Decision Information

Decision Content



Introduction

[1] The Applicant seeks leave to appeal the decision of the General Division dated December 18, 2014.  The General Division determined that she was not eligible for a disability pension under the Canada Pension Plan, as it found that her disability was not “severe” at her minimum qualifying period of December 31, 1994 or, as a result of proration, that she had become disabled between January 1, 2010 and March 31, 2010. To succeed on this leave application, I must be satisfied that the appeal has a reasonable chance of success.

Issue

[2] Does the appeal have a reasonable chance of success?

Submissions

[3] In her undated letter received by the Social Security Tribunal on March 17, 2015, the Applicant submits that the General Division Member erred as follows:

  1. (a) failed to observe a principle of natural justice:
    1. (i) as the Member informed the Applicant at the outset that there should have been two Members of the General Division presiding over the hearing;
    2. (ii) did not provide her with an opportunity to fully give evidence at the hearing; and
    3. (iii) at paragraph 23 of the decision, although the General Division referred to the Applicant’s fibromyalgia, the Member did not pursue more details about her pain or fatigue levels and did not seek more detail or information regarding her fibromyalgia.
  2. (b) based her decision on various erroneous findings of fact:
    1. (i) at paragraph 22 of the decision, in finding that the Raynaud’s phenomenon or syndrome never affected the Applicant’s hands or her writing.  The Applicant submits that she testified that both hands go white from the wrist down and she is unable to write when this occurs.
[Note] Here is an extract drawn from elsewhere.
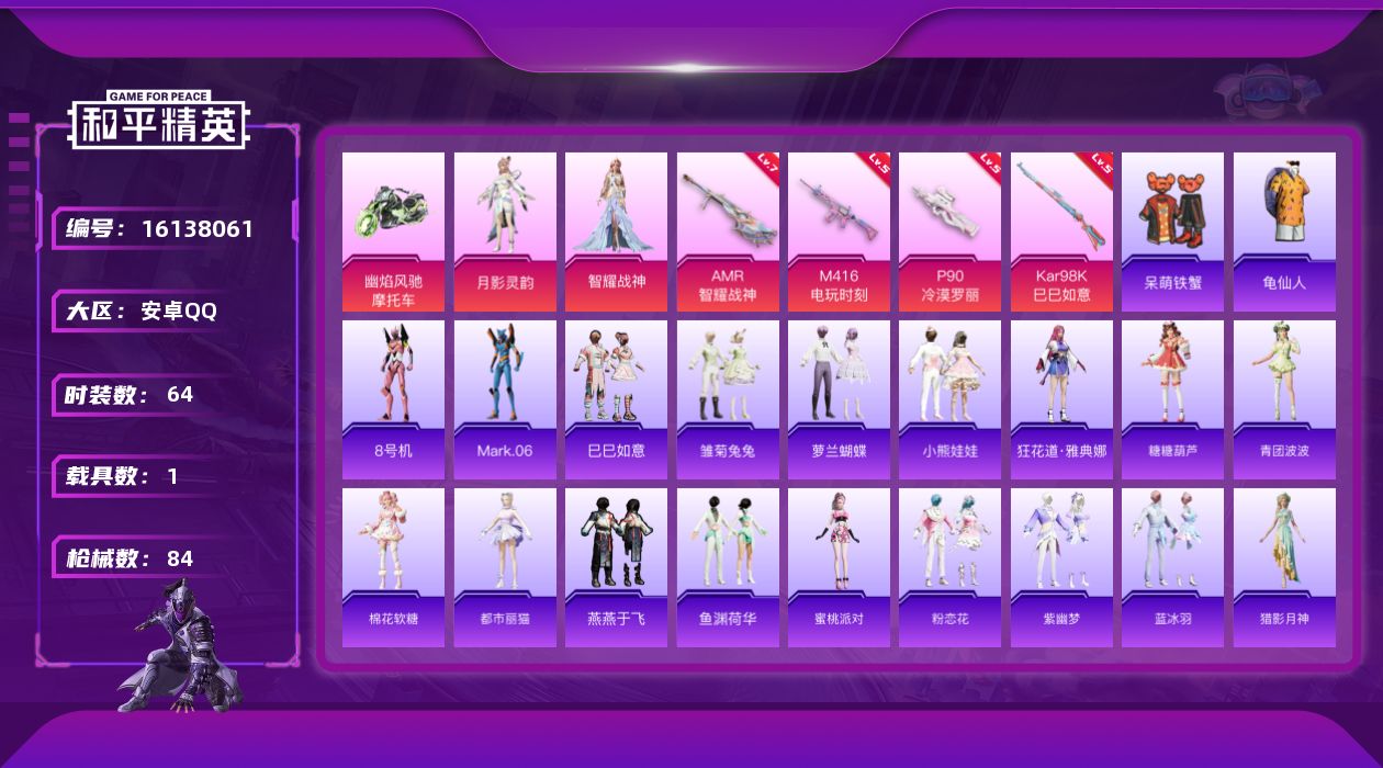 - [12904964]安卓 手Q-5粉装-7特效枪-3载具-7粉色飞行器-56966热力值-16王牌印记-132套装-175枪皮 【热门品类】:套装-深海小丑鱼,套装-龟仙人,套装-粉红小猪,角色-Mark.06 【粉色载具】:护世瑞兽,冰绡玉鳞,辉羽雀灵自行车 【粉色套装】:粉装-齐天大圣,粉装-镜光幻境,角色-萨利娅,粉装-星穹咏叹调,角色-冰魄 【粉色枪皮等级】:SCAR-L-金蛇镇世(三级),GROZA-镜光银凌(五级),AKS-74U-星穹咏叹调(六级),Kar98K-巳巳如意(五级),Mk14-甜梦熊击(五级),DP-28-豹影疾电(五级),MG3-辉羽雀灵(三级) 【粉色枪皮】:SCAR-L-金蛇镇世,GROZA-镜光银凌,AKS-74U-星穹咏叹调,Kar98K-巳巳如意,Mk14-甜梦熊击,DP-28-豹影疾电,MG3-辉羽雀灵 【粉色飞行器】:齐天大圣飞行器,千面幻镜飞行器,镜光幻境飞行翼,万象金身飞行器,百变魔方飞行器,雀灵庇佑飞行器 【粉色降落伞】:暗夜玫瑰降落伞,千面幻镜降落伞,萌物绒绒降落伞,繁龙极客降落伞,霓虹漫游降落伞,创世·救赎降落伞,临安公主降落伞,金蛇镇世降落伞,幻影飞狐降落伞,雪月幻音降落伞,星穹咏叹调降落伞,辉羽雀灵降落伞,幻彩电音降落伞 【稀有套装】:套装-龟仙人,玩偶服-憨乐熊二,套装-巳巳如意,套装-圣穹绘梦,套装-小鸟芋圆,套装-糖糖葫芦,套装-青团波波,套装-棉花软糖,角色-临安公主,角色-怀庆长公主,套装-燕燕于飞,套装-鱼渊荷华,套装-旋风灵鼠,套装-粉恋花,套装-紫幽梦,套装-蓝冰羽,套装-星影赞美诗,套装-星渊小夜曲,套装-极速光影,套装-彩虹兔,套装-云朵鹅,套装-雪绒豹,套装-蜜露汐语,角色-敖闰,角色-申公豹 【稀有枪皮】:AKM-彩虹符号,AKM-生命誓言,AKM-破晓战魂,AKM-虎虎生威,AKM-龙的传人,M16A4-幻世战舞者,M16A4-红色方程式,M16A4-蓝色火焰,SCAR-L-玉兔迎春,SCAR-L-红色方程式,M416-糯团青竹,M416-红色方程式,M416-蓝色火焰,GROZA-田园牧歌,AUG-海螺星光,AUG-耀粉歌者,AUG-金蛇镇世,M762-天降萌叽,M762-彩虹符号,M762-萌物绒绒,M762-云朵鹅,Mk47-妙红点点,Mk47-洛神天依,G36C-星穹咏叹调,AC-VAL-天降

The Applicant did not testify further that when she has tremors, she is unable to write as well and can hardly feed herself, but did not suggest that the General Division did not permit further testimony.  The Applicant also notes that the General Division misspelt Raynaud’s, suggesting that the General Division could not have been attentive when she was giving evidence regarding her Raynaud’s phenomenon;
    2. (ii) the Applicant knows others who have fibromyalgia who have not been referred to a fibromyalgia clinic, yet are each receiving a disability pension under the Canada Pension Plan;
    3. (iii) at paragraph 26 of the decision, in finding that the Applicant had never been prescribed an anti-depressant or been referred to a psychiatrist.  The Applicant acknowledges that she has not taken any anti-depressants, but says that she has been prescribed medication when under great stress, although this was a fact that she had neglected to disclose at the hearing. The Applicant also submits that she had seen a psychiatrist years ago and had also seen a therapist a few times in the past 10 to 15 years;
    4. (iv) at paragraph 27, in finding that the exercises she performs resolves her pain, when in fact, the exercises merely alleviates some of her pain;
    5. (v) at paragraph 30, misstated or neglected to consider portions of Dr. Paulseth’s medical report of June 24, 1993. (In fact, the General Division referred to the report of August 24, 1994.) The Applicant suggests that the General Division erred in relying on Dr. Paulseth’s opinions.  She submits that while Dr. Paulseth had diagnosed her with multiple sclerosis in past, he now is of the opinion that she remains a “diagnostic dilemma”.  The Applicant denies any psychosomatic cause for her problems, and states that there is diagnostic and objective evidence of her problems; and
  3. (c) committed an error of law in failing to recognize her intentions to quit smoking.  Indeed, she stopped smoking just before Christmas (after the hearing had already taken place).  The Applicant also notes that no one has sent her to smoking cessation counselling or referred her to anyone.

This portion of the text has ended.